Archive for May 2011

 
 

Introduction of a new transcription mode in ELAN 4.1.0

by Aarthy Somasundaram & Han Sloetjes

In this new release of ELAN a completely new “Transcription Mode” and an improved “Segmentation Mode” are introduced. Both have been developed in close cooperation with ELAN users.
The Transcription Mode is built for high-speed transcription. Where the traditional Annotation mode can be seen as accuracy-oriented rather than productivity-oriented, the Transcription mode aims at increasing the speed and efficiency of transcription work. The user interface has been designed with convenient text entry in mind: the main element is a table containing the annotations of selected tier types, displayed in a vertical order. Each cell in the table represents an annotation (or a position where a depending annotation can be created). The segments (annotations) need to be created first, in the segmentation or annotation mode, after which text can be typed into the (empty) segments in this mode. Operation in this mode is very much keyboard oriented. Selecting an annotation plays the corresponding segment automatically and brings it into edit mode: ready for you to start typing. Press the TAB key to replay. After editing, hit ENTER (or use the navigation keys) to jump to the next annotation, to play that segment automatically and to start typing right away and so on… Activation of a cell will silently create child annotations if they don’t exist yet — merely clicking an empty cell (or moving there using the keyboard) creates an annotation and opens it for editing. All this brings down the transcription work to just listening and typing, making it easy for the transcriber.

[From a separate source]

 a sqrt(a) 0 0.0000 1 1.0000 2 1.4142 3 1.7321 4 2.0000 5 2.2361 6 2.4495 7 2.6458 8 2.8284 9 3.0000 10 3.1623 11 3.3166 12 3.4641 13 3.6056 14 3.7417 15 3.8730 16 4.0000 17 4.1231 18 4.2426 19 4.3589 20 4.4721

Figure 1: The Transcription Mode

 

“On-the-fly Segmentation” has been moved into the main window as the new Segmentation mode (instead of in a separate dialog). It is now easier to switch between tiers while the media is playing. Segments are created by keyboard strokes and can be modified by dragging with the mouse. This mode introduces a preliminary step-and-repeat playback mode.

Apart from that, some new multiple file processing functions have been added, like annotations from overlaps and annotation statistics. An option to add a group of tiers for a new participant has been implemented, as well as for deletion of multiple tiers in one action. Customization of the program has been improved by the introduction of new preference elements.

The new version can be downloaded at the ELAN web site where you will also find the updated manual, detailing how to use the new modes and other new functionalities.

Semantic interoperability of linguistic resources now and in the future

by Menzo Windhouwer

Language resources are a very valuable asset. Not only now, where they form the basis for new scientific publications, but also in the future when new research might need to reassess previous findings. Primary data, like audio and video recordings, can by the curation efforts of the archive managers still be accessible in this future. However, for a lexicon or a grammatical description curation is not so easy. The semantics of the terminology used by the creators of these resources can have drifted off, i.e., the tems might now have a (slightly) different meaning. So it is easily possible that future users have a hard time interpreting the resource in the right way or even come to wrong conclusions based on wrong assumptions. A possible solution would be to make the semantics associated with these resources explicit. The Data Category Registry, nicknamed ISOcat, is taking that route.

ISOcat provides a way for resource creators to describe and share the semantics of the elementary descriptors, called data categories, in their resources. Each data category becomes uniquely identifiable by a so called persistent identifier. And as the name of this identifier indicates, data categories in this registry are meant to stay around for a very long time. Future researchers should thus be able to take a resource from an archive and resolve these identifiers to get to the semantic descriptions of the data categories used in the resource. These descriptions should then help this researcher to interpret the resource.

However, already now adding data category identifiers to resources can help us. Because data categories can be reused by various resources they provide hints on which resources are semantically close together, i.e., they can help researchers to find more interesting resources based on semantic closeness. In these cases islands of resources using domain or application specific terminology can be connected as the specification allows the declaration of the use of various terms for the same data category.

ISOcat is the Data Category Registry for the ISO Technical Committee 37, which develops many standards for linguistic resources. Standards like the Lexical Markup Framework (LMF; ISO 24613:2008) and the, in preparation, Linguistic Annotation Framework (LAF; ISO/DIS 24612) rely on the use of data categories taken from this registry to turn an abstract model into a model that is actually useful for a specific resource (type). The ISO committee is working towards sets of standardized data categories for various domains, e.g., metadata and morphosyntax. This work is reflecting in ISOcat as public accessible Thematic Views. However, every linguist can actually create her own data categories, share them with others and offer them for standardization. This grass roots approach aims at providing a standardized core useful for a broad range of linguists, and reusable data categories for and maintained by specific groups of linguists.

Tools provided by The Language Archive are starting to interact with ISOcat. In ELAN items in a controlled vocabulary can be taken from ISOcat. LEXUS, which allows the construction of LMF compliant lexica, can interact with ISOcat to select data categories to actually instantiate the abstract LMF data model. The Component Registry allows elementary elements and values in component metadata to link to ISOcat data categories. While these are just first steps and more will be needed the ultimate goal is that this will support the semantic interoperability of linguistic resources and thus research now and in the (far) future.